Question

All rings considered below are assumed to be associative and commutative with \( 1 \neq 0 \). Further, all ring homomorphisms map 1 to 1.

Consider the following statements about such a ring \( R \):

P1: \( R \) is isomorphic to the product of two rings \( R_1 \) and \( R_2 \).
P2: \( \exists r_1, r_2 \in R \) such that \( r_1^2 = r_1 \neq 0 \), \( r_2^2 = 0 \), and \( r_1 + r_2 = 1 \).
P3: \( R \) has ideals \( I_1, I_2 \subset R \) with \( R \neq I_1 \), \( (0) \neq I_2 \), and \( R = I_1 + I_2 \) and \( I_1 \cap I_2 = (0) \).
P4: \( \exists a, b \in R \) with \( a \neq 0 \), \( b \neq 0 \) such that \( ab = 0 \).

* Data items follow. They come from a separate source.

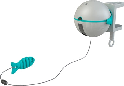 De Trixie Catch It is een automatisch kattenspeeltje dat jouw kat uitdaagt om te jagen, zelfs als je er even niet bent. Het speeltje bestaat uit een visje aan een draad dat onregelmatig op en neer beweegt over een transportband, wat zorgt voor verrassende actie en actief speelgedrag. Dankzij de handige klem bevestig je het eenvoudig aan een tafel, plank of krabpaal met een maximale dikte van 4 cm. Na ongeveer 15 minuten schakelt het speelgoed automatisch uit. Inclusief een extra speeltje als reserve.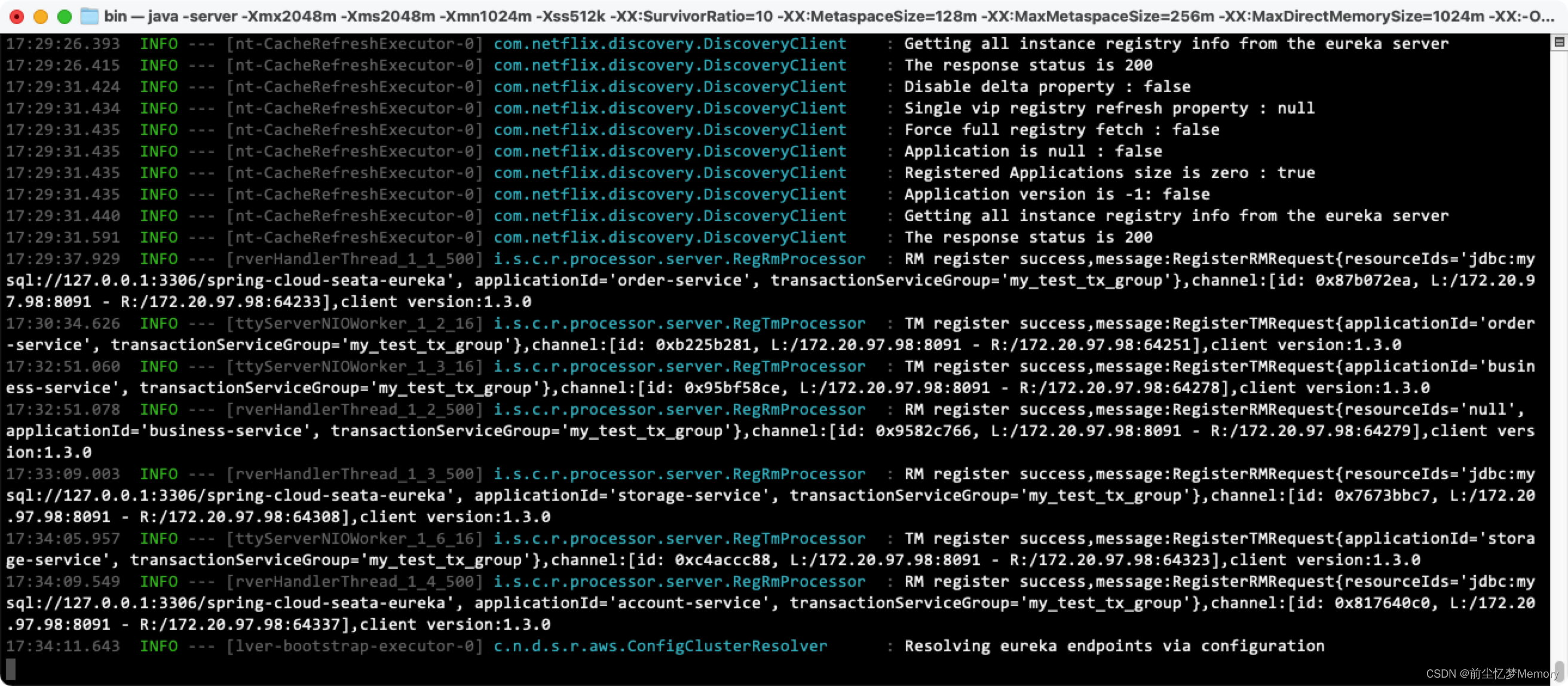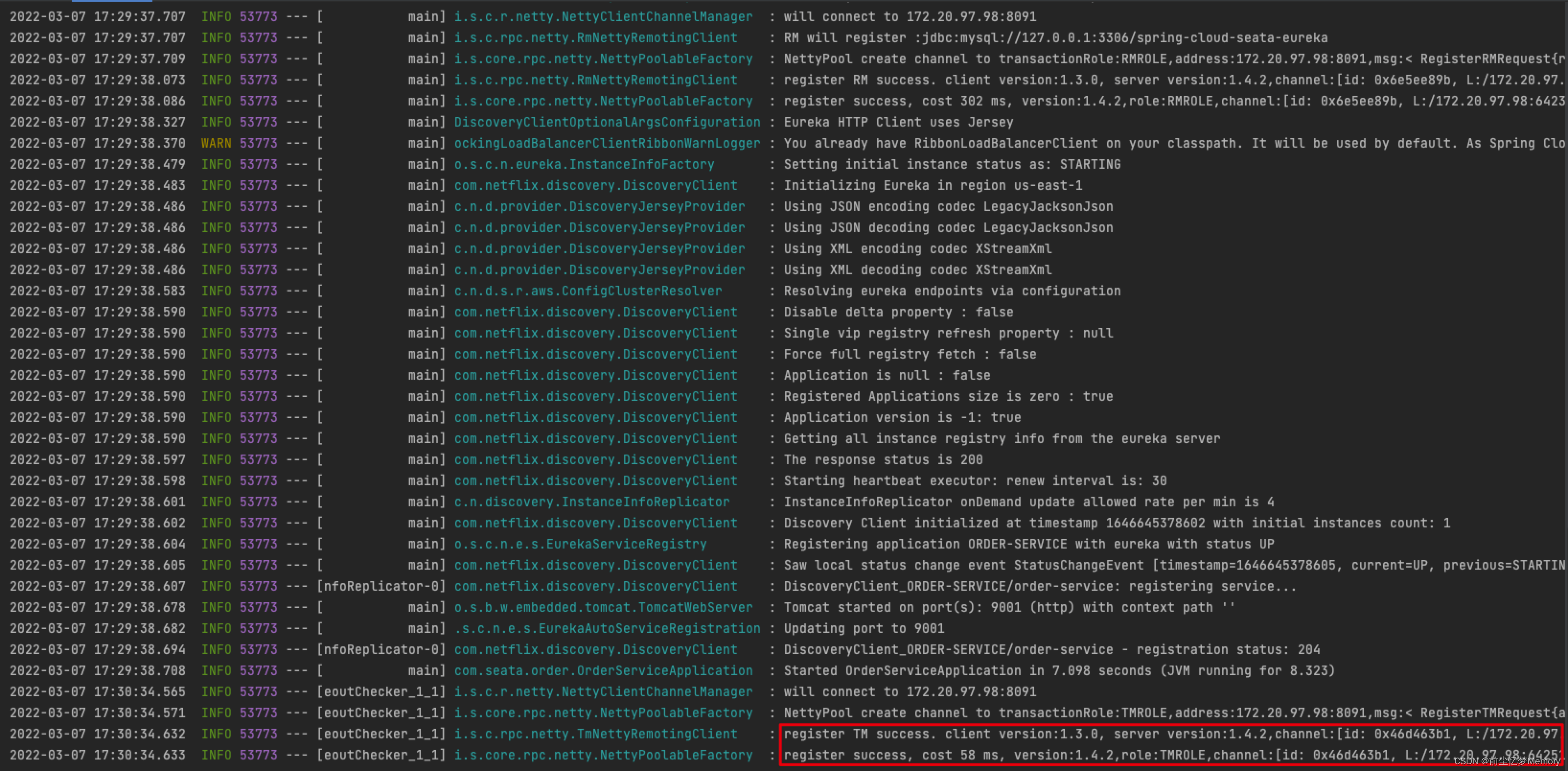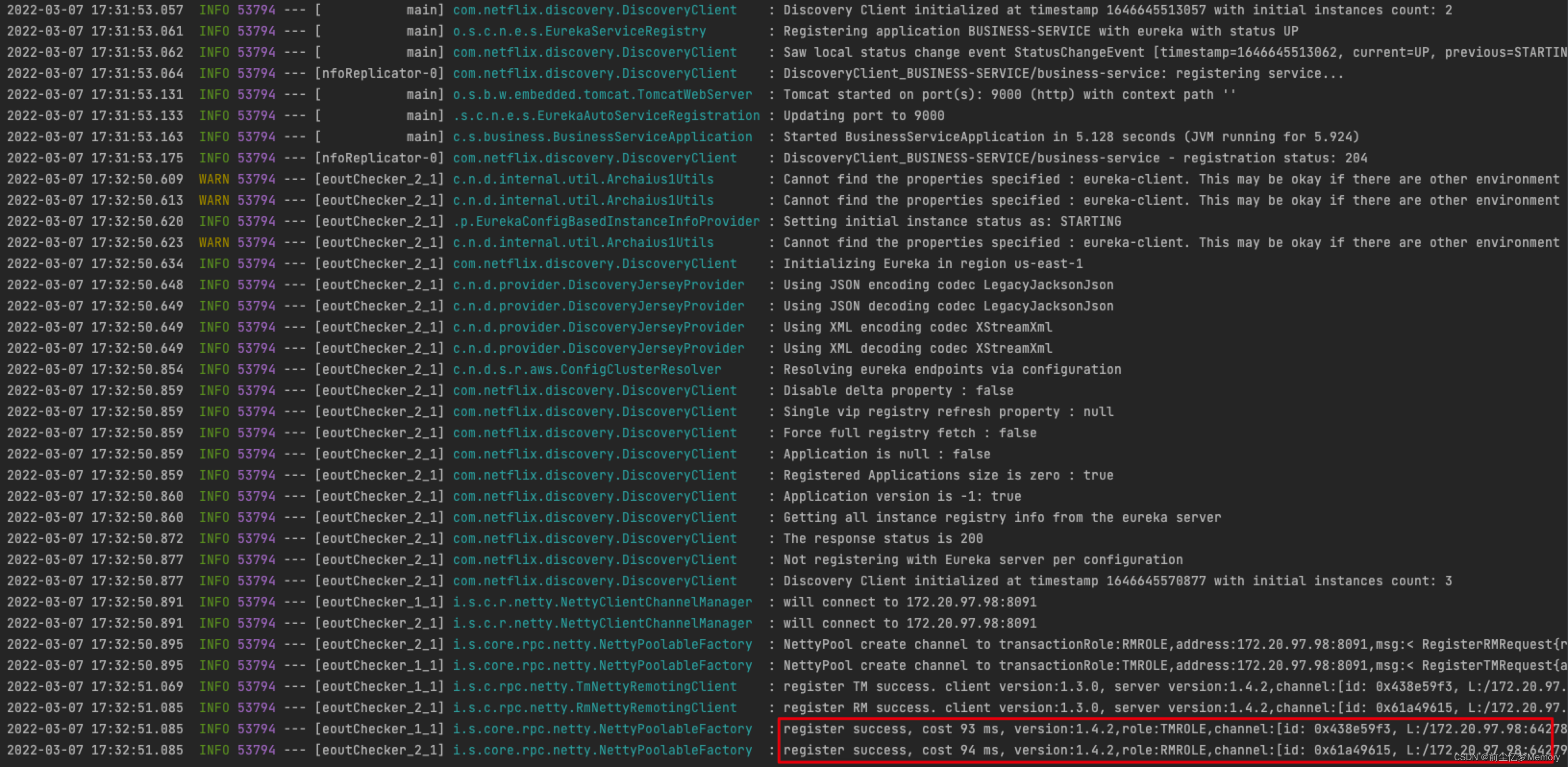 ????????启动business服务,“register RM success.?”,表示RM已经注册到TC。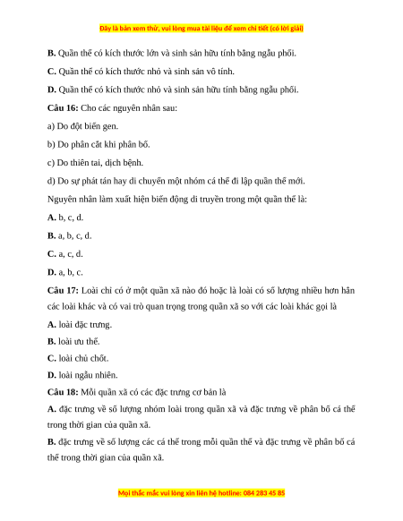 Câu 8: Một quần thể với cấu trúc 3 nhóm tuổi: trước sinh sản, đang sinh sản và sau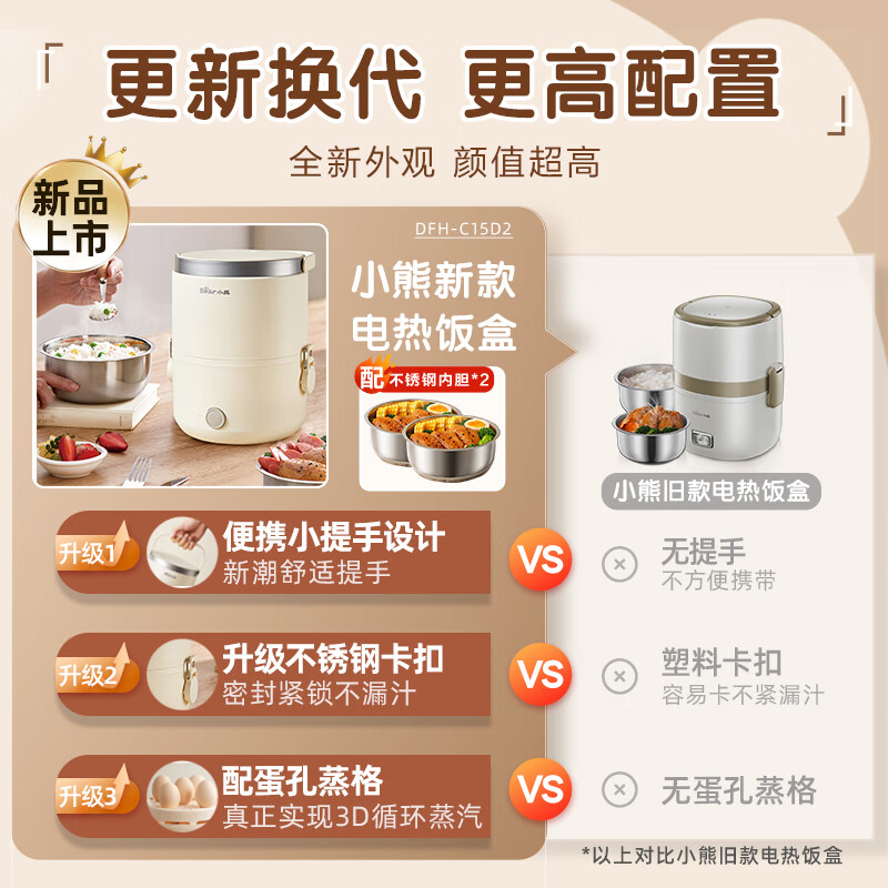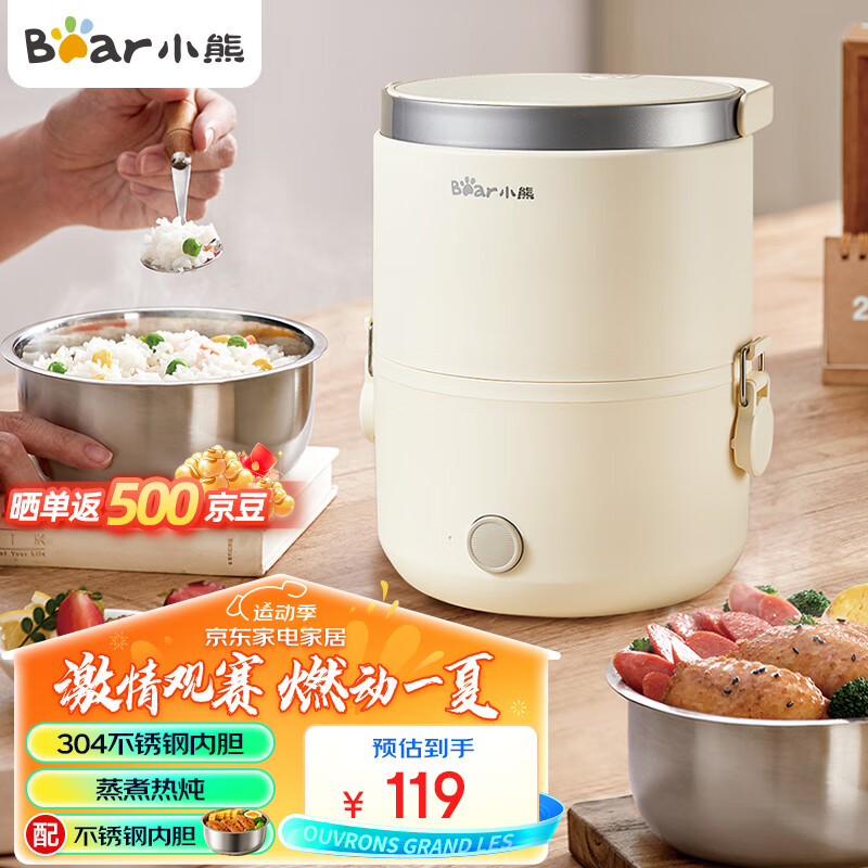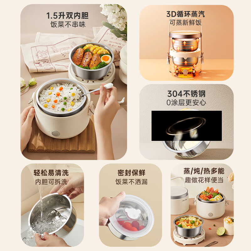 小熊(Bear)电热饭盒 加热饭盒 保温饭盒 可插电便携式蒸煮上班族1.5L双层不锈钢内胆密封保鲜多功能DFH-C15D2价格:119.00元!

Then, which of the following is/are TRUE?

• A. \( P1 \Rightarrow P2 \)
• B. \( P2 \Rightarrow P3 \)
• C. \( P3 \Rightarrow P4 \)
• D. \( P4 \Rightarrow P1 \)

Hint:

When working with ring homomorphisms and ideals, it is important to check the properties of the ring and its decomposition before drawing conclusions about its structure.

Answer 1

The Correct Option is A, B, C

To determine which statements about the ring \( R \) are true, we will analyze the implications between the given statements \( P1, P2, P3, \) and \( P4 \). Let's evaluate each implication step by step:

1. \( P1 \Rightarrow P2 \):

   Given that \( R \) is isomorphic to the product of two rings \( R_1 \) and \( R_2 \), it can be expressed as \( R \cong R_1 \times R_2 \). In the product ring, we can take \( r_1 = (1,0) \) and \( r_2 = (0,1) \). Then:

   • \( r_1^2 = (1,0)^2 = (1,0) \), so \( r_1^2 = r_1 \neq 0 \).
   • \( r_2^2 = (0,1)^2 = (0,0) \), so \( r_2^2 = 0 \).
   • \( r_1 + r_2 = (1,0) + (0,1) = (1,1) = 1 \).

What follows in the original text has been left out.